Gazeta do Povo – Qual é a origem dos problemas educacionais no Brasil?Célio da Cunha – O Brasil se omitiu em relação à educação básica no passado. No século 19, vários países no mundo incrementaram seus investimentos na setor sob o impulso dos ideais da Revolução Francesa. No século 20, na América Latina, vários países estruturaram sistemas públicos de educação, como Argentina, Uruguai e Chile. O Brasil ficou fora disso.

Por quê?O Brasil, diferentemente de outras nações, não teve elites esclarecidas. Teve vozes isoladas, como José Bonifácio e Gonçalves Dias – este último, em seus relatórios sobre as províncias, reclama do abandono das escolas –, muitas denúncias, mas não teve elite disposta a resolver o problema. O que os outros países tiveram, como nos Estados Unidos, com um George Washington, que em seu primeiro discurso como presidente falou sobre educação, o Brasil não teve, ficou aquém, com antielites. E as elites são necessárias nos momentos fundamentais quando a nação joga com o seu destino.

Tivemos uma segunda chance com a República, mas nem aí houve um projeto republicano de educação. Um texto de Euclides da Cunha, durante a abolição da escravatura, sugere que, ao invés de tantas comemorações, o país gastasse o dinheiro para abrir escolas para os libertos.

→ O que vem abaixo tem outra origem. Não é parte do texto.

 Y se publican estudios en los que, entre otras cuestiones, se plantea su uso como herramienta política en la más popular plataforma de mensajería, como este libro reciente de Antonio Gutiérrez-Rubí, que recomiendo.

E nos últimos anos?Em função dessa omissão, o país acumula um déficit que chega aos nosso dias. Na década de 90, com a intensificação da globalização, do incremento das formas de educação, com o avanço da ciência e da tecnologia, quando a educação começa a ser vista como imprescindível para o desenvolvimento, começou-se a perceber a perda de tempo. Tanto que nos últimos governos, principalmente com o impulso de Murilo Hinguel (ministro de Educação do governo Itamar Franco) o país teve um grande progresso quantitativo. Com o Fundo de Manutenção e Desenvolvimento do Ensino Fundamental (Fundef), criado em 1996, o ensino fundamental se universalizou. Hoje, 97% das crianças nessa faixa etária estão na escola. Mas isso não é suficiente. O avanço quantitativo é mais fácil, mas insuficiente. Estamos hoje diante do desafio qualitativo.

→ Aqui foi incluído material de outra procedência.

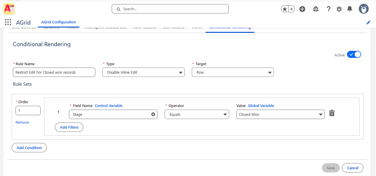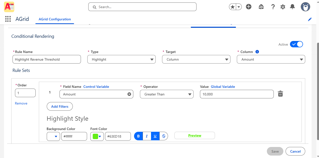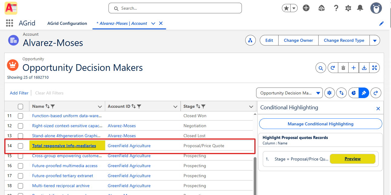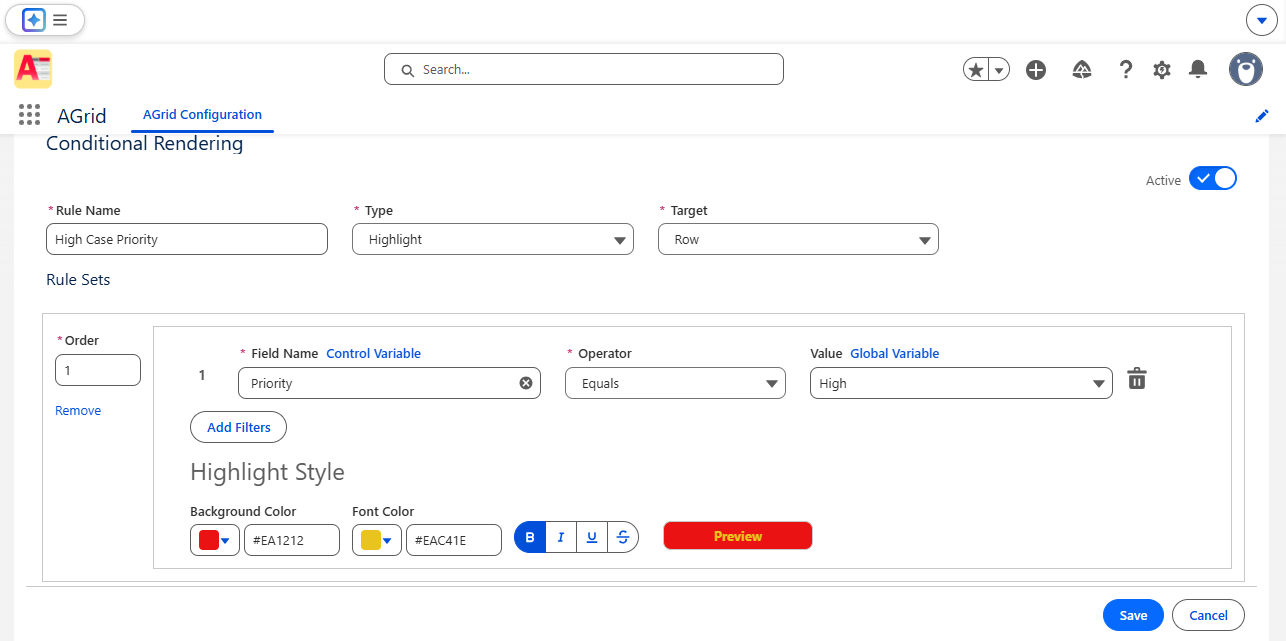 AGrid extends conditional highlighting directly into Salesforce list views and related lists — enabling row-level emphasis, contextual action control, inline edit governance, and user-level personalization.

Como assim?A Unesco divulgou recentemente dados desafiantes para o Brasil. O nível de repetência, por exemplo, está perto de média de alguns países africanos. As deficiências estão em todos os níveis, na preparação dos professores, na infra-estrutura das escolas, no material didático e nos sistemas de ensino. Temos 30 milhões de analfabetos funcionais, crianças que chegam à 4.ª série sem ler e escrever e 2 milhões de professores que ganham mal, vendo na profissão um horizonte de frustrações. E isso só se resolve com dinheiro. E o país ainda continua a investir pouco em educação para corrigir essa falha diante dos desafios do progresso, à velocidade do mundo contemporâneo. Quando se compara o Brasil com investimentos de outros países se vê que a educação ainda não é prioridade, porque educação de qualidade custa dinheiro.

Quanto os outros países têm investido em educação?O Brasil investe hoje 4,2% do PIB e há um consenso de que deveria ao menos chegar a 7%. Com um investimento inferior é realmente impossível colocar a educação brasileira à altura do nosso tempo. A Malásia, por exemplo, que cresceu muito no mercado internacional nos últimos anos, investe 8,1% do PIB em educação ao ano, com um sistema já montado, e não deficitário como é o brasileiro. Outros países, também com estruturas exemplares, possuem investimentos interessantes porque colocam o tema como prioridade; a Dinamarca, 8,6%; Noruega, 7,6% e a Suécia, 7,3%. Para falar apenas de alguns. Se o Fundo de Manutenção e Desenvolvimento da Educação Básica (Fundeb) for aprovado, será o mínimo, mas pelo menos um pouco mais de dinheiro para a educação.

O que esperar do próximo presidente?Que as metas para a educação tenham a mesma importância de uma meta econômica. Conseguir rearranjos na legislação, dividir melhor as funções entre governo federal, Estados e municípios e criar sistemas de fiscalização que penalizem os culpados por desvios de dinheiro ou não cumprimento de metas. Fazer campanhas de conscientização das famílias. Se o filho repete na escola, os pais não se incomodam muito. Se bate o carro, é penalizado: isso mostra que educação também não é prioridade na família. Em resumo, é preciso ter uma política de educação legitimada e não de governo, que dure apenas quatro anos.